▶ _TRY IT_
From the entries below, write out exactly the lines between the line holding "Kejari_Ternate (02/06/2024) Senin, Pukul" and the line holding "This is a My", inclusive, excluding any pictures.

▶ _TASK DATA_

++++++

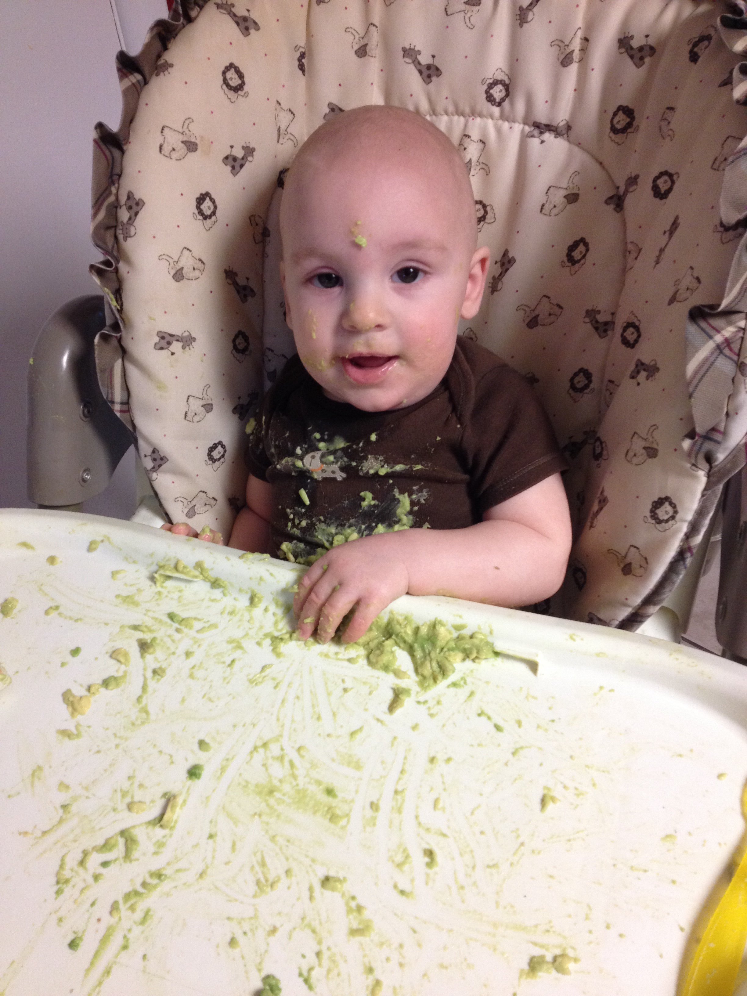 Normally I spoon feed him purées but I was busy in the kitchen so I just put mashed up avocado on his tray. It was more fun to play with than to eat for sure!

++++++

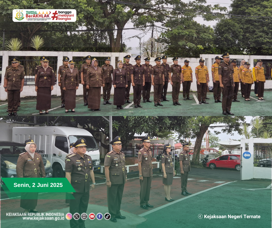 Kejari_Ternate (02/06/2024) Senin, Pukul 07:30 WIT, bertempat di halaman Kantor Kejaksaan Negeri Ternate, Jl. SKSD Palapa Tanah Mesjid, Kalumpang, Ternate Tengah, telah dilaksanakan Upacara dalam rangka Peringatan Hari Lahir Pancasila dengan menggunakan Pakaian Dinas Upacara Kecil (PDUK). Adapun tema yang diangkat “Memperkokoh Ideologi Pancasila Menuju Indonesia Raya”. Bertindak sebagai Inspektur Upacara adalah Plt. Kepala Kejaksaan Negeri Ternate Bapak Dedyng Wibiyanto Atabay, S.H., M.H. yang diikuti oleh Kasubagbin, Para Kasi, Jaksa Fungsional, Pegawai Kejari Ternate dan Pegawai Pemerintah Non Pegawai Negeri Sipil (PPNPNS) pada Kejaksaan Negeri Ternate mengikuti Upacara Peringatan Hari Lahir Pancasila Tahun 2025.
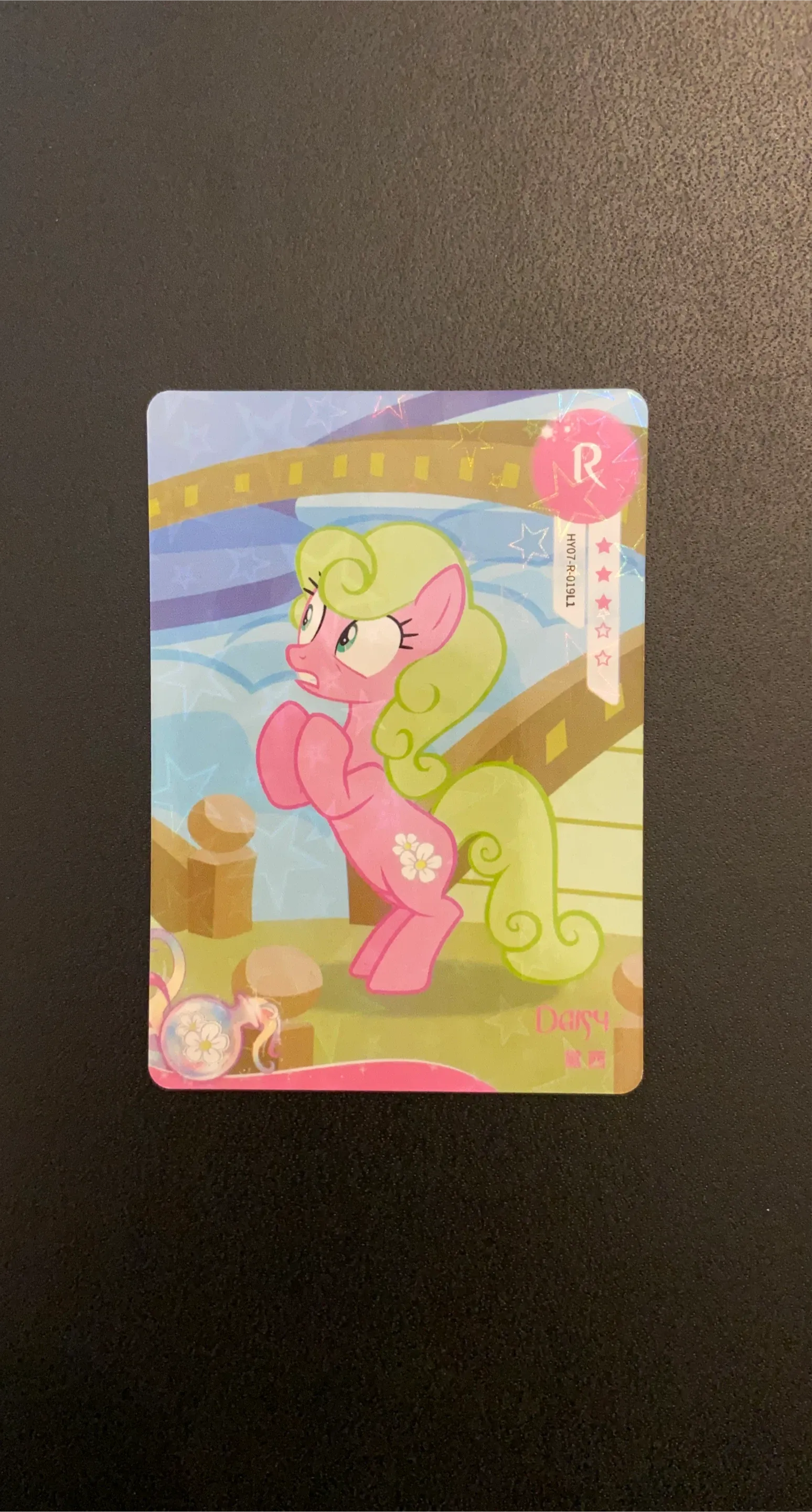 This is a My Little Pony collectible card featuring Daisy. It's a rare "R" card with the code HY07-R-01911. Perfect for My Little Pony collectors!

++++++

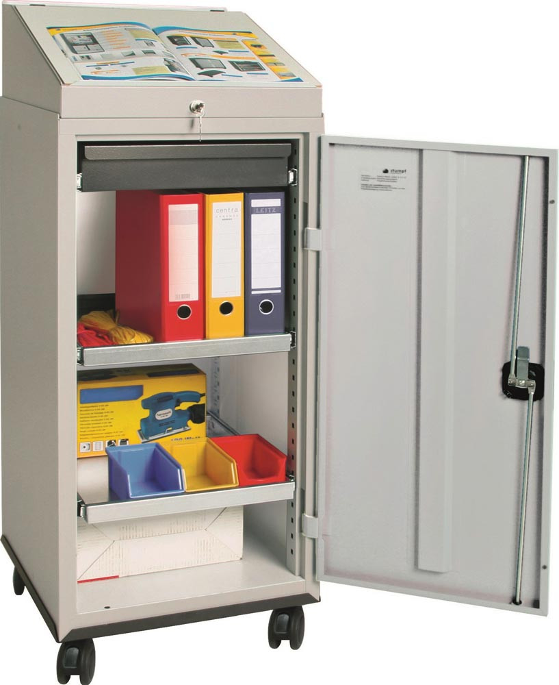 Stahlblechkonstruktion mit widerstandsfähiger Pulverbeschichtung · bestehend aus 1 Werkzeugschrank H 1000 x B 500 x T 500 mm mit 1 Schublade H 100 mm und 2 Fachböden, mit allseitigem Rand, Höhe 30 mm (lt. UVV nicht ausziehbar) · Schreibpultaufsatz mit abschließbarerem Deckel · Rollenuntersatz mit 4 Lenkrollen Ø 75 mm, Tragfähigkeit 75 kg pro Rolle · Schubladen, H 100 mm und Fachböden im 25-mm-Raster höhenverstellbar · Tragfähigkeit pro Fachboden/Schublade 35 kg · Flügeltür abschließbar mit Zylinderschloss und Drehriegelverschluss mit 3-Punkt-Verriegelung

++++++

▶ _ANSWER FOR THIS EXERCISE_
 Kejari_Ternate (02/06/2024) Senin, Pukul 07:30 WIT, bertempat di halaman Kantor Kejaksaan Negeri Ternate, Jl. SKSD Palapa Tanah Mesjid, Kalumpang, Ternate Tengah, telah dilaksanakan Upacara dalam rangka Peringatan Hari Lahir Pancasila dengan menggunakan Pakaian Dinas Upacara Kecil (PDUK). Adapun tema yang diangkat “Memperkokoh Ideologi Pancasila Menuju Indonesia Raya”. Bertindak sebagai Inspektur Upacara adalah Plt. Kepala Kejaksaan Negeri Ternate Bapak Dedyng Wibiyanto Atabay, S.H., M.H. yang diikuti oleh Kasubagbin, Para Kasi, Jaksa Fungsional, Pegawai Kejari Ternate dan Pegawai Pemerintah Non Pegawai Negeri Sipil (PPNPNS) pada Kejaksaan Negeri Ternate mengikuti Upacara Peringatan Hari Lahir Pancasila Tahun 2025.
 This is a My Little Pony collectible card featuring Daisy. It's a rare "R" card with the code HY07-R-01911. Perfect for My Little Pony collectors!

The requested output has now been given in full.